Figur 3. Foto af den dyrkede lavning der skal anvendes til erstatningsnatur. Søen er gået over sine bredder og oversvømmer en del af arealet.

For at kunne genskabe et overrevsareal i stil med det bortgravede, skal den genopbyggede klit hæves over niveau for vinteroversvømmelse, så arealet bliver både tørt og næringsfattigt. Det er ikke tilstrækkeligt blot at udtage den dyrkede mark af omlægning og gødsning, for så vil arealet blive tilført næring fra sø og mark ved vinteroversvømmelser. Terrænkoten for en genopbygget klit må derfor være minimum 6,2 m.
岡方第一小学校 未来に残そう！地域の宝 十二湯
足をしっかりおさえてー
+===+
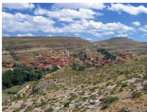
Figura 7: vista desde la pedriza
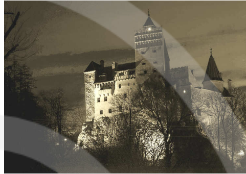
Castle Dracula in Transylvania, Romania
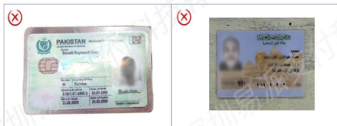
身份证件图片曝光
+===+
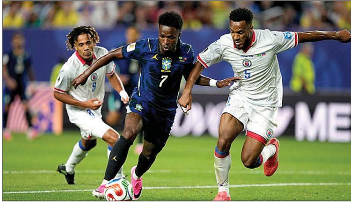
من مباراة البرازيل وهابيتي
+===+
▶ [TASK OBJECTIVE]: From the records above, retype only the lines starting at the line that contains "Figur 3. Foto" and ending at the line that contains "足をしっかりおさえてー", both included.

▶ [TASK ANSWER]:
Figur 3. Foto af den dyrkede lavning der skal anvendes til erstatningsnatur. Søen er gået over sine bredder og oversvømmer en del af arealet.

For at kunne genskabe et overrevsareal i stil med det bortgravede, skal den genopbyggede klit hæves over niveau for vinteroversvømmelse, så arealet bliver både tørt og næringsfattigt. Det er ikke tilstrækkeligt blot at udtage den dyrkede mark af omlægning og gødsning, for så vil arealet blive tilført næring fra sø og mark ved vinteroversvømmelser. Terrænkoten for en genopbygget klit må derfor være minimum 6,2 m.
岡方第一小学校 未来に残そう！地域の宝 十二湯
足をしっかりおさえてー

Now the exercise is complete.